* Data shown:

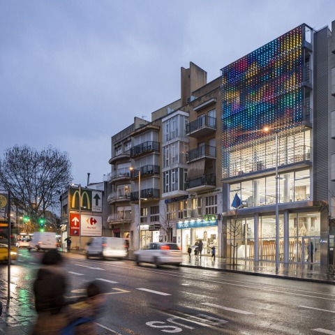La fachada se compone principalmente por un gran tejido metálico que sostiene numerosos puntos de luz de iluminación Led, con un ritmo y un tamaño diseñado en proyecto y personalizado con las aportaciones específicas del cliente. La posibilidad de integrar la iluminación como una capa principal que actúa como filtro posibilita trabajar en las aberturas y carpintería necesarias de las oficinas como una segunda capa no condicionada por los requerimientos urbanos del entorno, sino centrada en las necesidades propias de su uso. En el edificio toma especial importancia el conjunto de capas que conforman los planos de la envolvente.
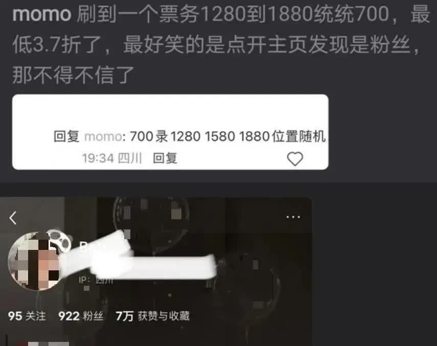 有票务甚至打出广告:不管1880、1580还是1280价位的票,统统只要700块。这意味着,最高档位的门票折扣已低于3.7折。那些早早拼手速、花原价抢到票的观众,尤其是买了高价票的,一觉醒来发现自己可能凭空亏掉一千多块。论坛里,准备观看她其他城市场次的粉丝开始焦虑地讨论,要不要先退掉原价票,等着开演前打折再捡漏。
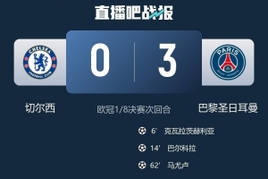 體育資訊3月18日訊 歐冠1/8決賽次回合,切爾西主場0-3不敵巴黎圣日耳曼,總比分2-8不敵對手,無緣八強。
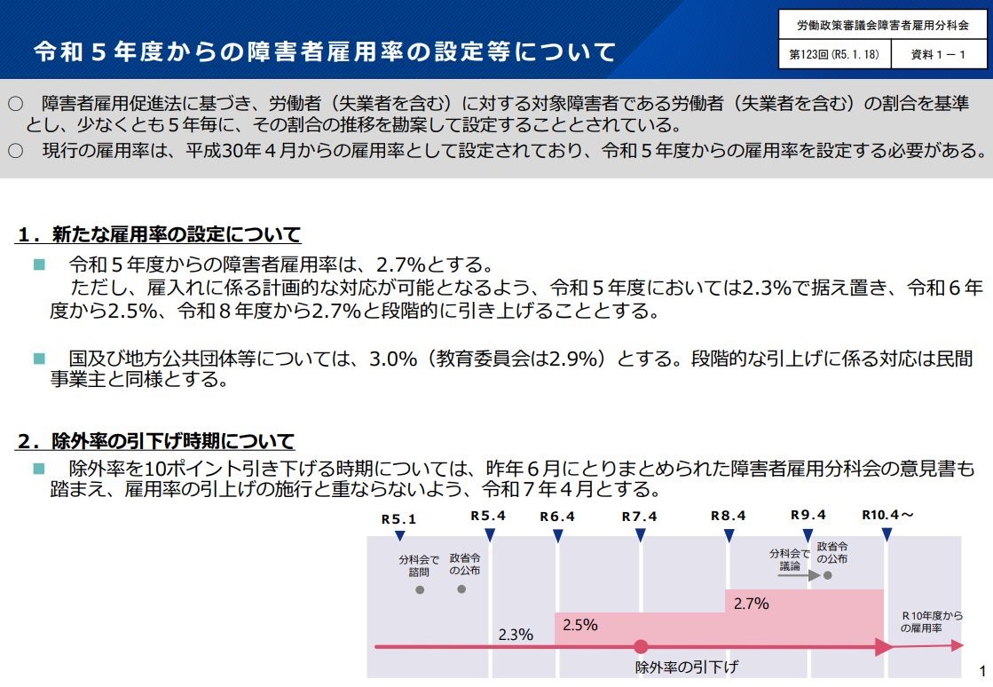 障害者の雇用割合(雇用率)を、現行の2.3%から

* Task objective:
Retype the data word for word, please, and keep the images out.

* Final answer:
La fachada se compone principalmente por un gran tejido metálico que sostiene numerosos puntos de luz de iluminación Led, con un ritmo y un tamaño diseñado en proyecto y personalizado con las aportaciones específicas del cliente. La posibilidad de integrar la iluminación como una capa principal que actúa como filtro posibilita trabajar en las aberturas y carpintería necesarias de las oficinas como una segunda capa no condicionada por los requerimientos urbanos del entorno, sino centrada en las necesidades propias de su uso. En el edificio toma especial importancia el conjunto de capas que conforman los planos de la envolvente.
 有票务甚至打出广告:不管1880、1580还是1280价位的票,统统只要700块。这意味着,最高档位的门票折扣已低于3.7折。那些早早拼手速、花原价抢到票的观众,尤其是买了高价票的,一觉醒来发现自己可能凭空亏掉一千多块。论坛里,准备观看她其他城市场次的粉丝开始焦虑地讨论,要不要先退掉原价票,等着开演前打折再捡漏。
 體育資訊3月18日訊 歐冠1/8決賽次回合,切爾西主場0-3不敵巴黎圣日耳曼,總比分2-8不敵對手,無緣八強。
 障害者の雇用割合(雇用率)を、現行の2.3%から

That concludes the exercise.